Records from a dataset
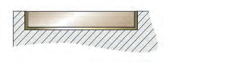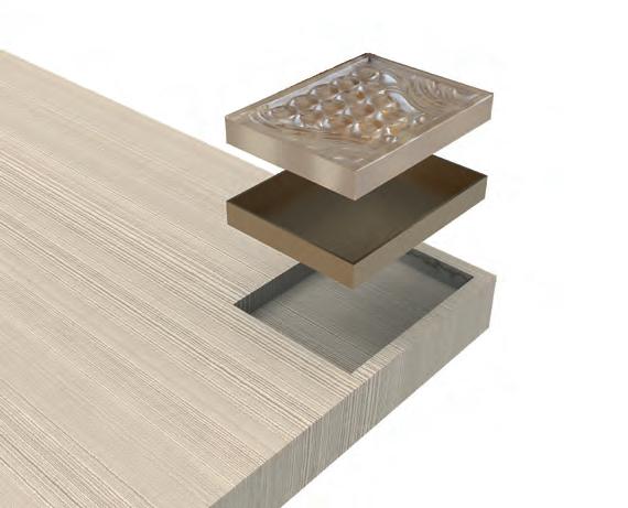 Mirrored RAISINS decora�ve panel, gold luster, without rabbet, placed in a metal insert for flush integra�on with table top.
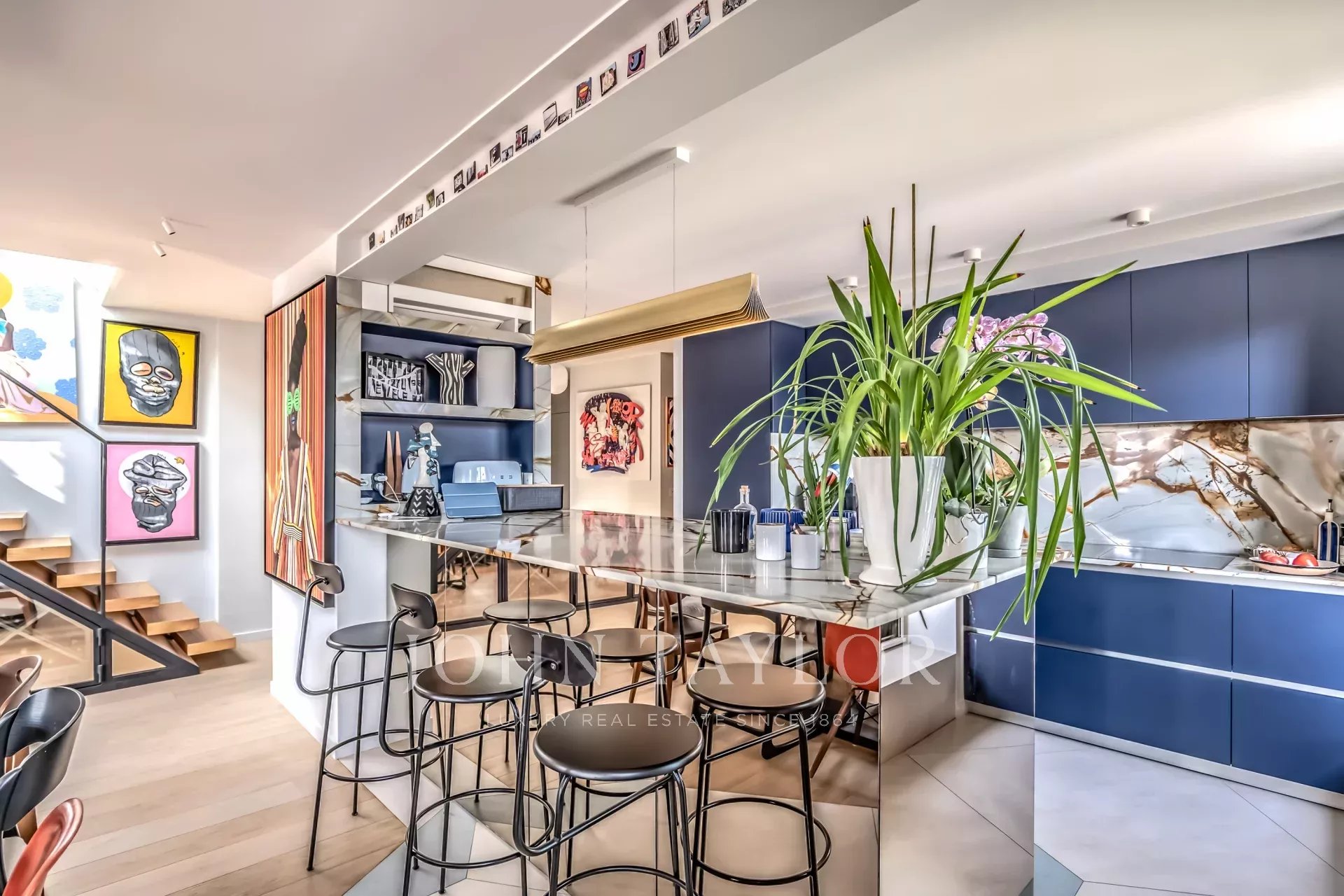 Au cœur des Batignolles, aux derniers étages (7ème et 8ème) par ascenseur d'un immeuble sécurisé récent, nous vous proposons un penthouse unique en duplex de 181.6m2 carrez, plein sud, avec un toit terrasse de 188m2, offrant une vue panoramique sur les toits de Paris et une jolie vue Tour Eiffel.
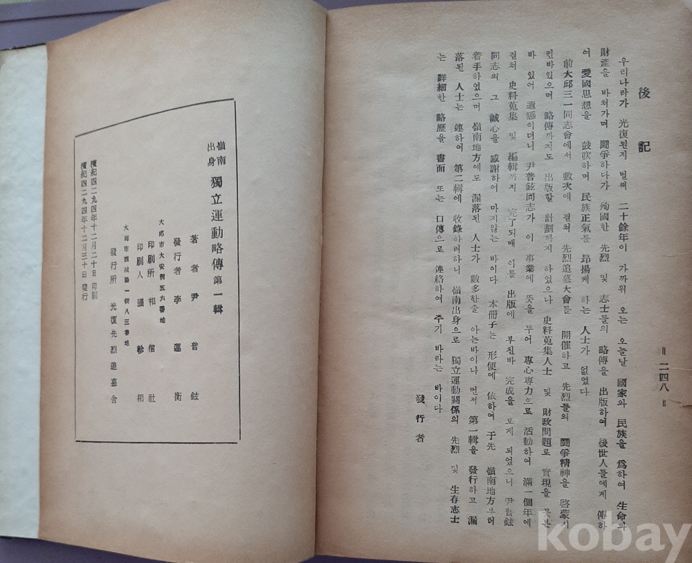 영남출신 독립운동약전 제1집-윤보현 저 1961년초판 순국선열추모사 발행
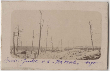 On devine sous la neige les lignes de la tranchée allemande « Gauter » et de la tranchée française, dite de « la fille morte ». Paysage en Argonne, sans date.
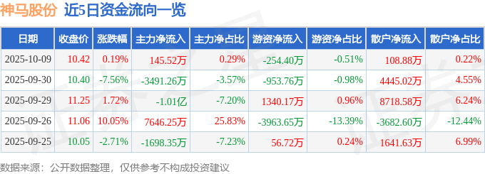 证券之星消息,截至2025年10月9日收盘,神马股份(600810)报收于10.42元,上涨0.19%,换手率4.79%,成交量48.13万手,成交额5.01亿元。
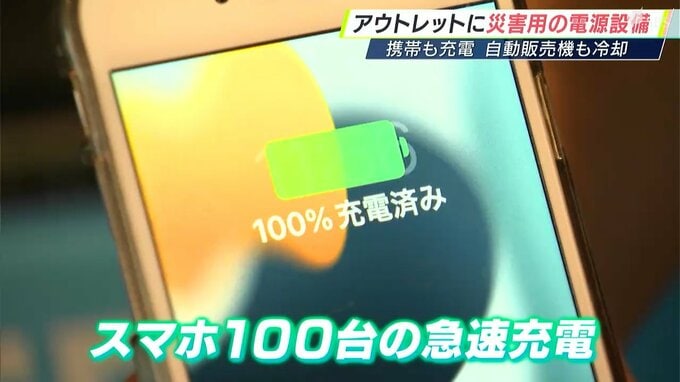 普段は、来場者の携帯電話の充電もできるように利便性を向上させながら災害時にも非常用電源として機能する今回の仕組み。
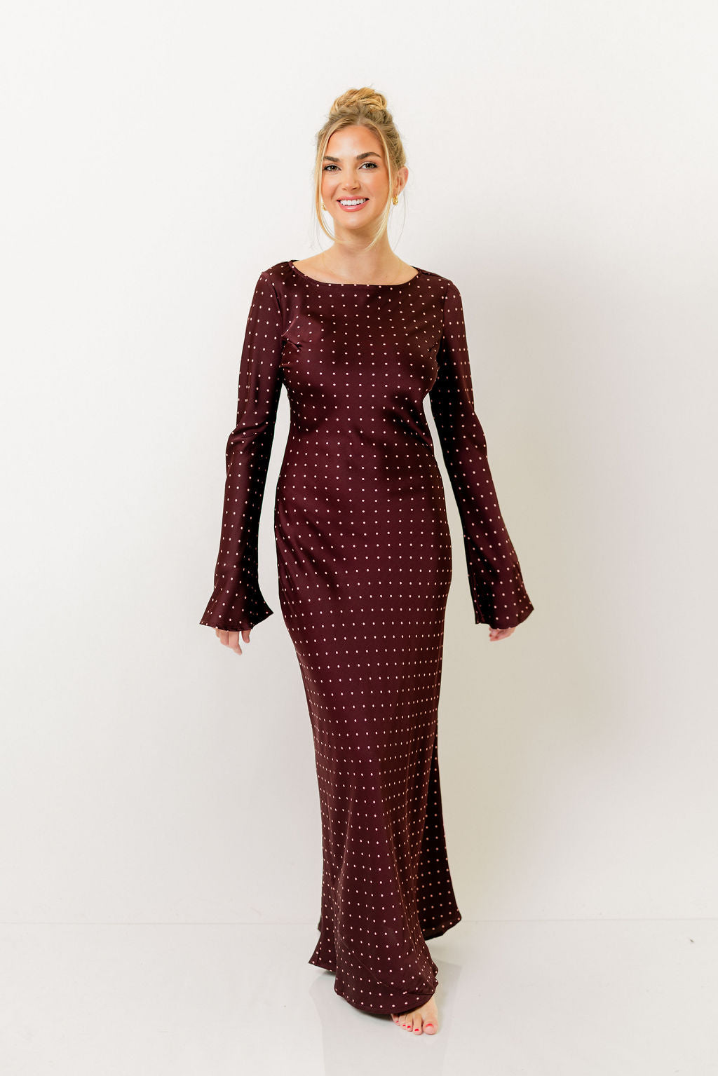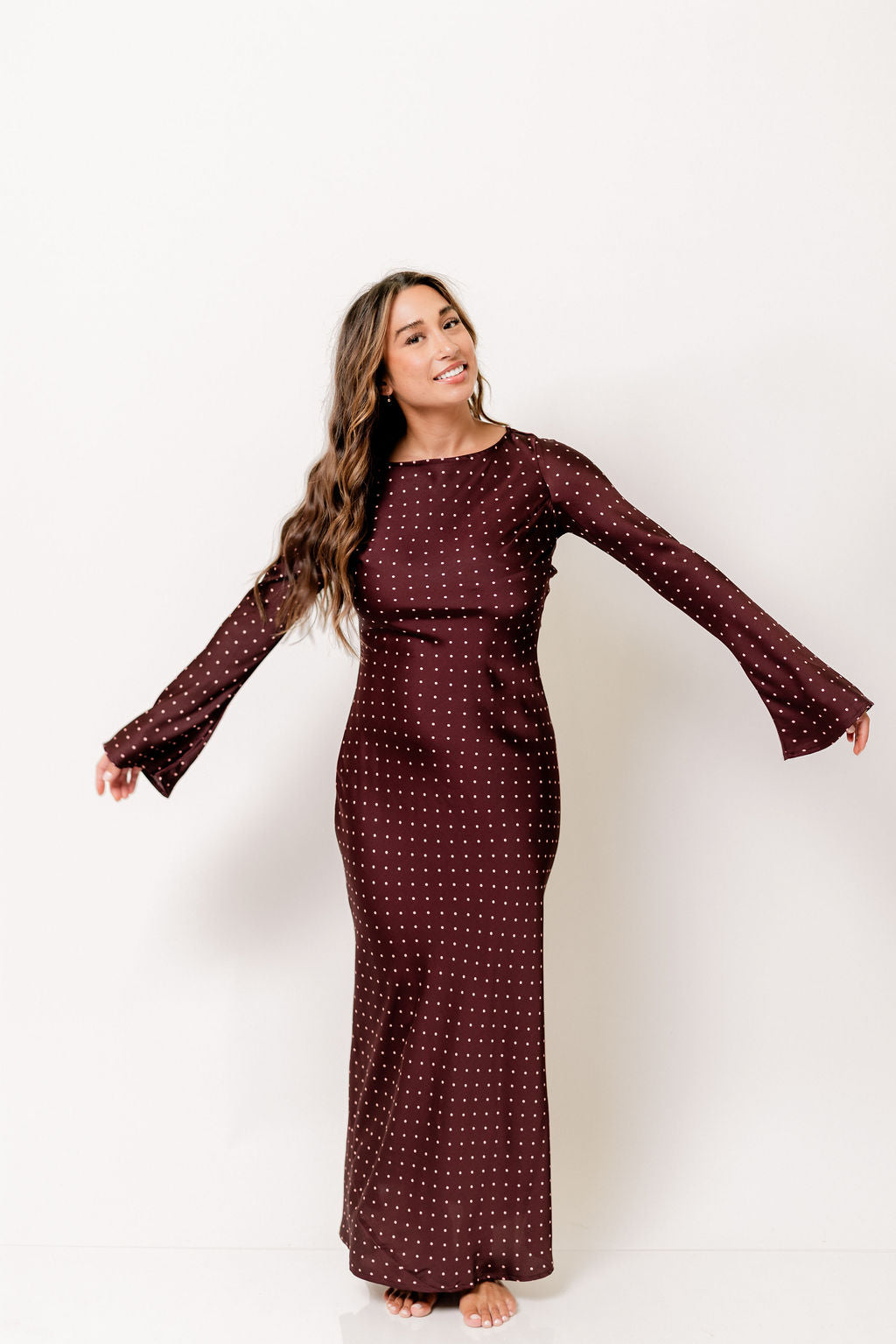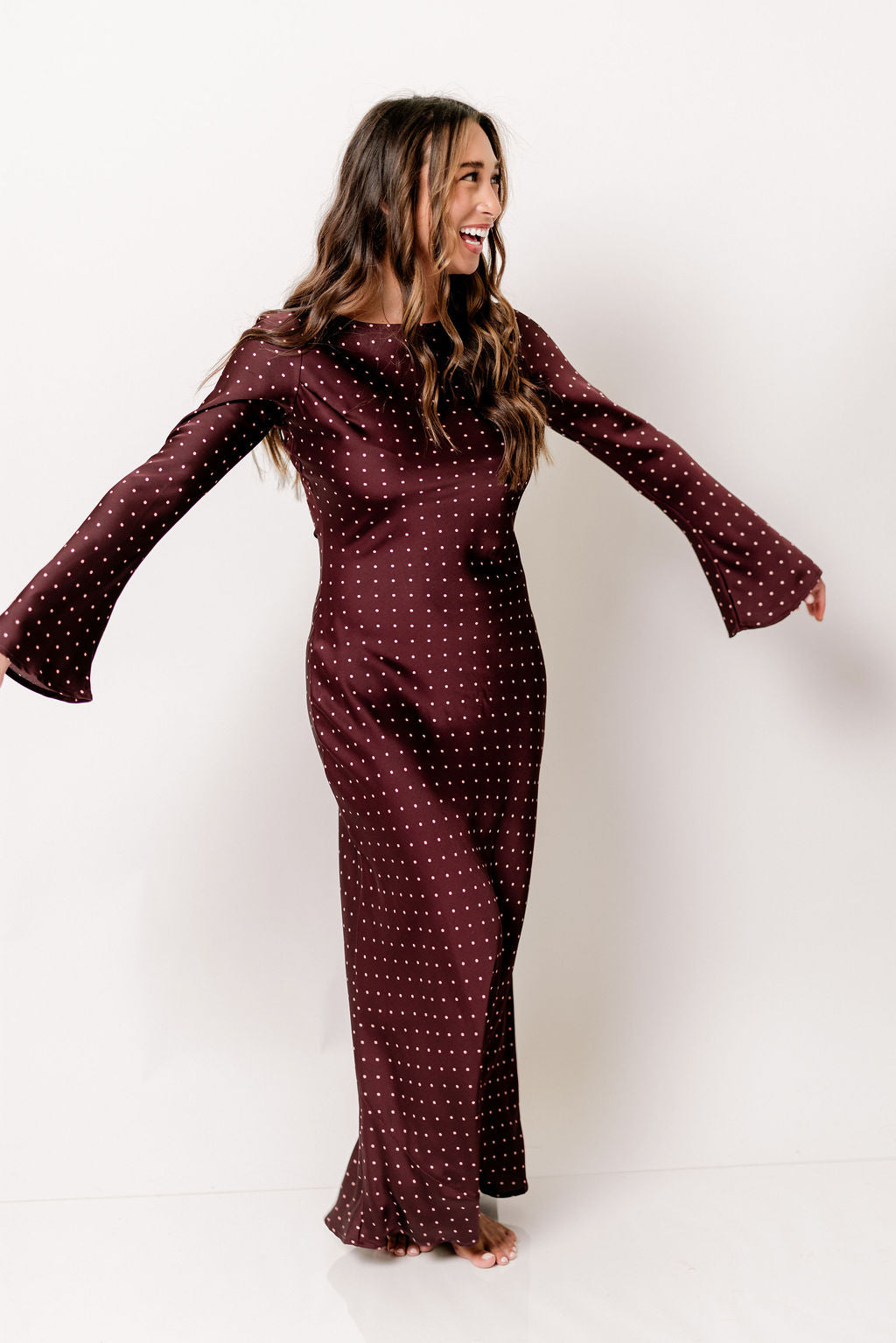 Georgie Polka Dot Maxi Dress in Burgundy

§ **Work to complete**
Each line from the one holding "Au cœur des" through the last line of the records above must be duplicated exactly, and pictures must not be.

§ **Task answer**
 Au cœur des Batignolles, aux derniers étages (7ème et 8ème) par ascenseur d'un immeuble sécurisé récent, nous vous proposons un penthouse unique en duplex de 181.6m2 carrez, plein sud, avec un toit terrasse de 188m2, offrant une vue panoramique sur les toits de Paris et une jolie vue Tour Eiffel.
 영남출신 독립운동약전 제1집-윤보현 저 1961년초판 순국선열추모사 발행
 On devine sous la neige les lignes de la tranchée allemande « Gauter » et de la tranchée française, dite de « la fille morte ». Paysage en Argonne, sans date.
 证券之星消息,截至2025年10月9日收盘,神马股份(600810)报收于10.42元,上涨0.19%,换手率4.79%,成交量48.13万手,成交额5.01亿元。
 普段は、来場者の携帯電話の充電もできるように利便性を向上させながら災害時にも非常用電源として機能する今回の仕組み。
 Georgie Polka Dot Maxi Dress in Burgundy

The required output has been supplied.